The artist roster at 10K Projects represents much of that transgressive, rebel pose, but there are also anomalies, like sunny Texas beach-pop duo Surfaces, which interpolates the likes of “Girl From Ipanema” for its breezy, tropical DIY hooks.

Still, the common denominator of Grainge’s signings — the most recent of which is a label deal with writer-producer Taz Taylor’s Internet Money (producer of Lil Tecca’s “Ransom,” No. 10 on the BuzzAngle Hitmakers chart) — is SoundCloud, which Elliot admits he uses as a “cheat sheet” to find new talent.

“SoundCloud has no gatekeepers, no curators,” he explains. “It’s a full democracy with an average user age of 19. That fascinated me. You’ve got a kid who’s recorded something on his laptop, puts it up online and gets an instant live reaction. It’s completely organic. You can reach right out and sign somebody, then let them keep doing what they’re doing.”

Grainge compares the lo-fi SoundCloud rap scene — which boasts the likes of Lil Pump and Lil Skies and the late rappers Lil Peep and XXXTentacion — to the ’70s punk scene in the U.K. Says Grainge: “My dad was 17 years old at the height in 1977 … seeing the Sex Pistols, the Ramones, the Clash at Hammersmith Apollo. What a time that was. Artists could do or say whatever they wanted. I grew up listening to those bands on the car radio driving with my dad, who has always been my musical hero.”

Although he was raised on the major label system, the younger Grainge is choosing a different path as an indie — with distribution through UMG’s Caroline — but he’s well schooled in the advantages and disadvantages of each approach.

“As an indie, there’s a ceiling on the audience you can tap into,” he admits. “When a major label pushes a button, its reach extends to radio, DSPs [digital-side platforms], playlists, digital marketing. … It galvanizes a global team into action.”

Still, streaming’s transparency gives 10K a somewhat equal footing in the digital world. “Radio is dying, physical product is dying, while subscription packages to Spotify, Apple Music [and] Amazon are on the rise,” Grainge notes in positing his bullish stance on the music biz.

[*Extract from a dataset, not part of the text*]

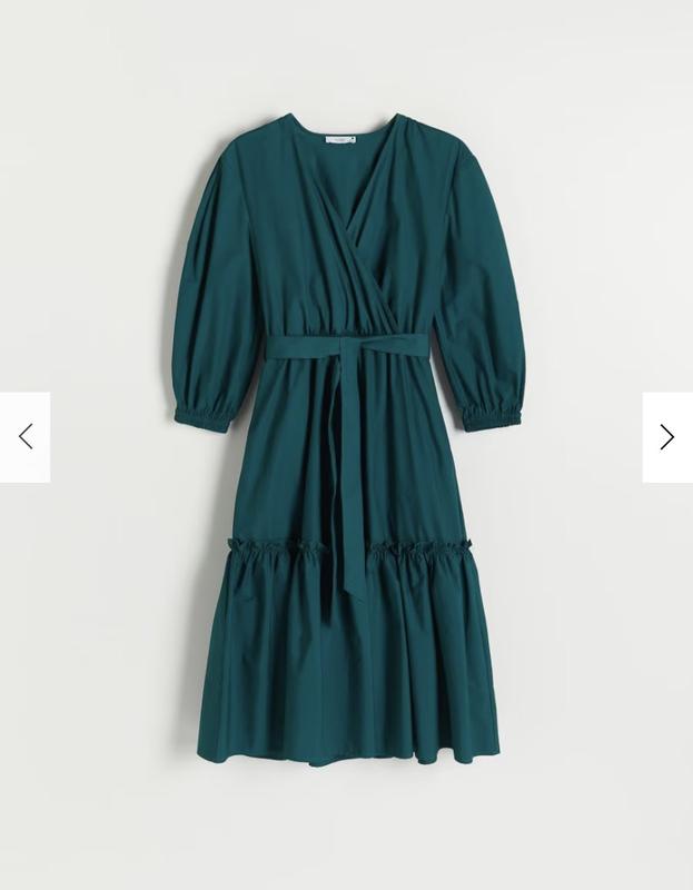 reserved сукня міді плаття платье ізумрудно зелене xs s baby doll з рукавами буфами Нове, з біркою По бірці xs, підходить на xs s, талія на резинці

By any measure, 10K Projects is proving a success, amassing 18 gold and eight platinum or multiplatinum singles and generating more than 10.5 billion streams to date. As we speak, Grainge is tracking the streams of his most recent single, Internet Money’s “Somebody” featuring Lil Tecca and A Boogie Wit Da Hoodie, which is climbing into the 900,000s. Like his father, he takes an active interest in technology, recently making a strategic investment in the digital marketing, branding and influencer management company Homemade Records, which shares the label’s new offices.

“Elliot is so intense in pursuing his vision; he goes full speed without looking back,” says 10K Projects president of operations and GM Brittney King Brock, who arrived in May after stints in A&R, artist management, music publishing and production with Sean Combs and Oprah Winfrey’s OWN. “What he has in common [with them] is that tunnel vision; there’s no plan B, and he empowers his team to pull it off. Once they lock in, sink their teeth into something, it’s going to happen.”

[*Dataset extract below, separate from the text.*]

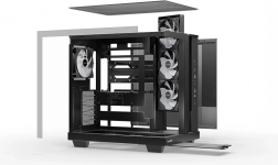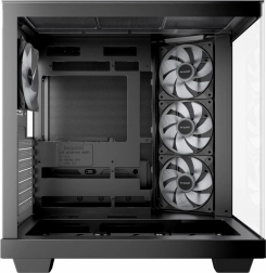 Het ruimte-efficiënte interieur ondersteunt een radiator tot 360 mm, een ATX-moederbord en een GPU tot ca. 400 mm. Slimme drive-brackets maken het mogelijk om gelijktijdig 1× HDD en 2× SSD te monteren zonder ruimteverlies achter de tray. Twee mogelijke posities voor de voeding vergemakkelijken builds met aansluitingen aan de achterzijde (ASUS BTF, MSI Project Zero, Gigabyte Project Stealth). Stofilters aan de zijkant en onderzijde zorgen voor eenvoudig onderhoud en een schone werking.

Grainge’s relative youth has been both a boon and a hindrance. He complains that his contemporaries don’t hesitate to contact him on weekends, which he prefers to have to himself — “I don’t know how long I’ll be able to continue on this pace,” he confesses — and while he’s the spitting image of his father, don’t look for any “Succession”-style drama here, at least not yet.

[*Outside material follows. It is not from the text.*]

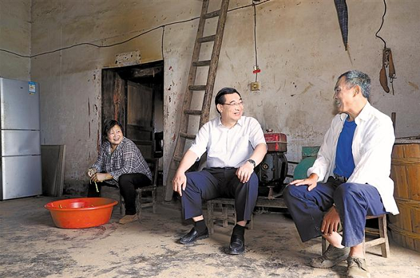 七月八日至十二日,省委書記胡和平深入安康市紫陽縣城關鎮(zhèn)雙坪村駐村蹲點,開展“不忘初心、牢記使命”主題教育專題調研。圖為他在村民朱高海家中詳細了解其生活狀況。記者 宋紅梅攝

Asked if one day he’d like to be in charge of UMG, for the first time he blushes and gets slightly flustered. “That’s a great question,” he laughs nervously, pausing to ponder. “Because I’m damned if I say yes and equally damned if I say no. I’ve already acknowledged my respect for the majors, but I’m committed to succeeding as an indie.”

With that, Grainge offers a high-five on making him think. Don’t bet against him.